Together he and Aleck reached the pile. It only remained now to unhook the chain. In vain he tugged and hauled. The chain was buried deep beneath the stump and refused to move, and before he could swing his team about and turn the stump over, he heard Aleck's shout of victory.

But as he dropped his chain and was leisurely backing his horses, he heard old Farquhar cry, "Hurry, man! Hurry, for the life of you!"

Without waiting to inquire the reason, Ranald wheeled his team, gave the stump a half turn, released his chain, and drove off from the pile, to find Aleck still busy hooking his chain to his whiffletree.

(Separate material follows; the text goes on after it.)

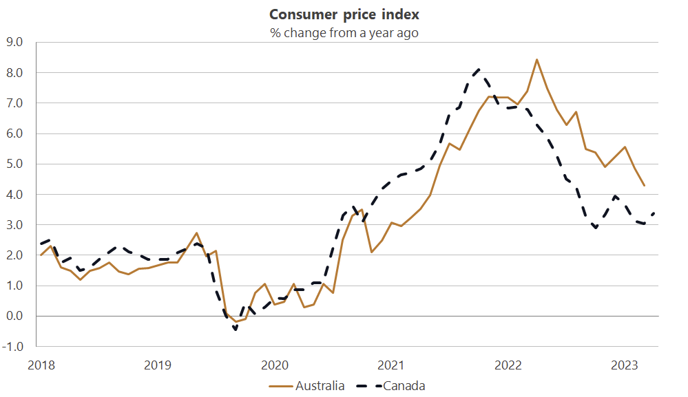 Ok, so we have a few things in common. But the pertinent question is how did Canada compare to Australia in terms of inflation, which is clearly the most important indicator for our respective central bankers when considering whether to cut (or hike) interest rates. Let’s take a look.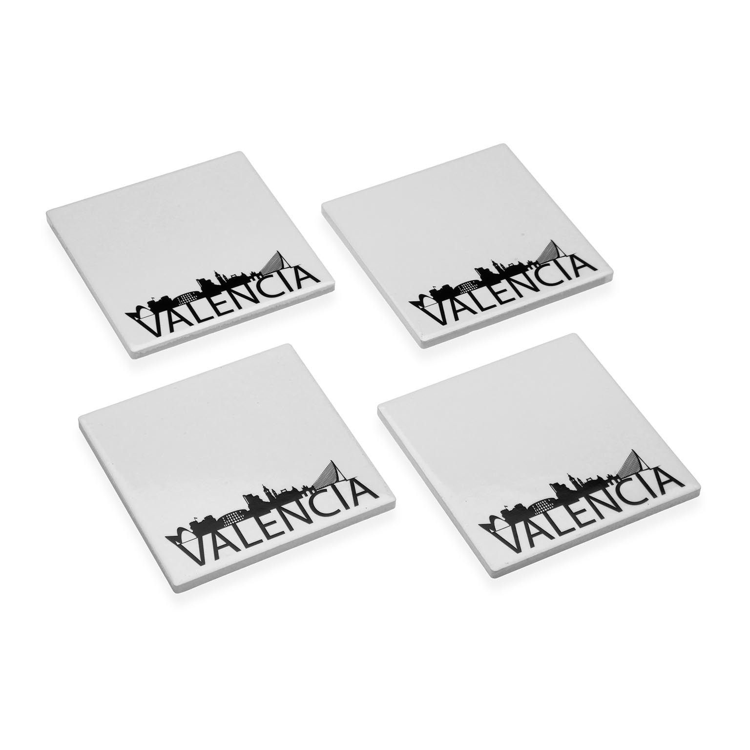 Enhance home spaces with this set of 4 Valencia Coasters, expertly crafted from durable ceramic with a cork base for optimal surface protection.

Aleck had had the same difficulty in freeing his chain as Ranald, but instead of trying to detach it from the stump, he had unhooked the other end, and then, with a mighty backward jerk, had snatched it from the stump. But before he could attach it to his place on the whiffletree again, Ranald stood ready for work.

"A win, lad! A win!" cried old Farquhar, more excited than he had been for years.

"It is no win," said Aleck, hotly.

"No, no, lads," said Macdonald Bhain, before Farquhar could reply. "It is as even a match as could well be. It is fine teams you both have got, and you have handled them well."

But all the same, Ranald's friends were wildly enthusiastic over what they called his victory, and Don could hardly keep his hands off him, for very joy.

Aleck, on the other hand, while claiming the victory because his team was at the pile first, was not so sure of it but that he was ready to fight with any one venturing to dispute his claim. But the men all laughed at him and his rage, until he found it wiser to be good-humored about it.

"Yon lad will be making as good a man as yourself," said Farquhar, enthusiastically, to Macdonald Bhain, as Ranald drove his team to the stable.

"Aye, and a better, pray God," said Macdonald Bhain, fervently, looking after Ranald with loving eyes. There was no child in his home, and his brother's son was as his own.

Meanwhile Don had hurried on, leaving his team with Murdie that he might sing Ranald's praises to "the girls," with whom Ranald was highly popular, although he avoided them, or perhaps because he did so, the ways of women being past understanding.

To Mrs. Murray and Maimie, who with the minister and Hughie, had come over to the supper, he went first with his tale. Graphically he depicted the struggle from its beginning to the last dramatic rush to the pile, dilating upon Ranald's skill and pluck, and upon the wonderful and hitherto unknown virtues of Farquhar's shiny blacks.

"You ought to see them!" cried Don. "You bet they never moved in their lives the way they did today. Tied him!" he continued. "Tied him! Beat him, I say, but Macdonald Bhain says 'Tied him'--Aleck McRae, who thinks himself so mighty smart with his team."

Don forgot in his excitement that the McRaes and their friends were there in numbers.

"So he is," cried Annie Ross, one of Aleck's admirers. "There is not a man in the Indian Lands that can beat Aleck and his team."

"Well," exulted Don, "a boy came pretty near it to-day."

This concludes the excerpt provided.